You have two points floating in space in front of you.

On this alone how do you define or express a metric? You can not even assign a distance of any kind without a ruler. I.e. a one dimensional coordinate system.

The thing that is fundamental about the metric is the signiture and that falls out of the gamma function. Out of the intrinsic structure of the world.It has nothing to do with historical precedent.
Without this fundamental aspect of reality there would be no Minkowski metric or gamma function and we would be living in a Galilean/Newtonian world.


gamma + Cartesian 4 D coordinates ===> Minkowski metric
gamma + Galilean transforms ====> Lorentz transforms
How do you possibly imagine anyone arriving at the metric without the knowledge of the gamma aspect of reality?

Yes, it certainly does. In cartesian coordinates, the metric tensor is defined by
(in 2-D spacetime):

g_tt = 1
g_xx = -1/c²
g_yy = -1/c²

(all other components are zero)

In polar coordinates, we have:
g_tt = 1
g_rr = -1/c²
g_θθ = -r²/c²

So the invariant interval is

ds² = dt² - dr²/c² - r²dθ²/c²

You have misunderstood.
Of course within a frame every possible coordinate system will have a relevant version of the Minkoiwski metric. We are in the middle of a discussion regarding the -version for cylindrical coordinates right now. So it should be obvious that this is not what I meant.
Within a frame transformation of events between different coordinate systems does not invlove the Minkowski metric.
It only comes into play when regarding things moving relative to the frame. I.e. different coordinate frames.

Within a Minkowski 2 D chart :
Regarding the rest frame the geometry is purely Euclidean with the Euclidean metric in a Cartesian chart. Yes? the normal Pythagorean relationships apply, yes?

It is only regarding the moving frame that the Minkowski metric with it's specific form of the Pythagorean operation applies ,,,,Yes?
Applying that metric returns the proper time value for a segment of the moving particles world line.
That time is related to the time of the rest frame described by the vertical interval of the triangle by the gamma factor Yes?

So it accomplished a geometric gamma transformation or do you disagree?

 

[universal_101]

gamma + Cartesian 4 D coordinates ===> Minkowski metric
gamma + Galilean transforms ====> Lorentz transforms
How do you possibly imagine anyone arriving at the metric without the knowledge of the gamma aspect of reality?

Thanks Austin, And i think this nails it.

That is, we don't need to present the metric or transforms as the physical aspects behind the physical relativistic effects.

In other words, Minkowski metric or spacetime should come under electromagnetism or electromagnetic effects of relative motion.
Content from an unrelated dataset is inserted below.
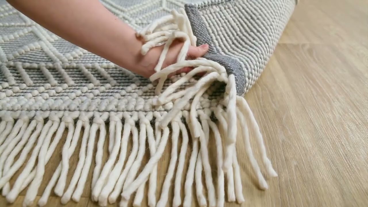 A hand-woven cotton and NZ wool rug with a soft gray diamond lattice and ivory fringe — the kind of neutral that makes every room look more intentional.

But not as a physical law in themselves. And this is what some people are trying to suggest(by saying we don't need relative velocity to determine differential ageing), that spacetime itself is kind of a physical law.

 

[harrylin]

Yes, I would disagree. The length of the hypotenuse of a triangle is, by Pythagorus, equal to √(A² + B²), where A is the length of one leg, and B is the length of the other leg. Do you think that that definition implies the existence of other frames? The invariant interval in SR, τ = √((ct)² - x²) is a geometric relationship, just like the length of the hypotenuse of a right triangle. It doesn't have anything to do with "frames". The metric doesn't have anything to do with frames. Curved surfaces have associated metrics, and that doesn't have anything to do with frames.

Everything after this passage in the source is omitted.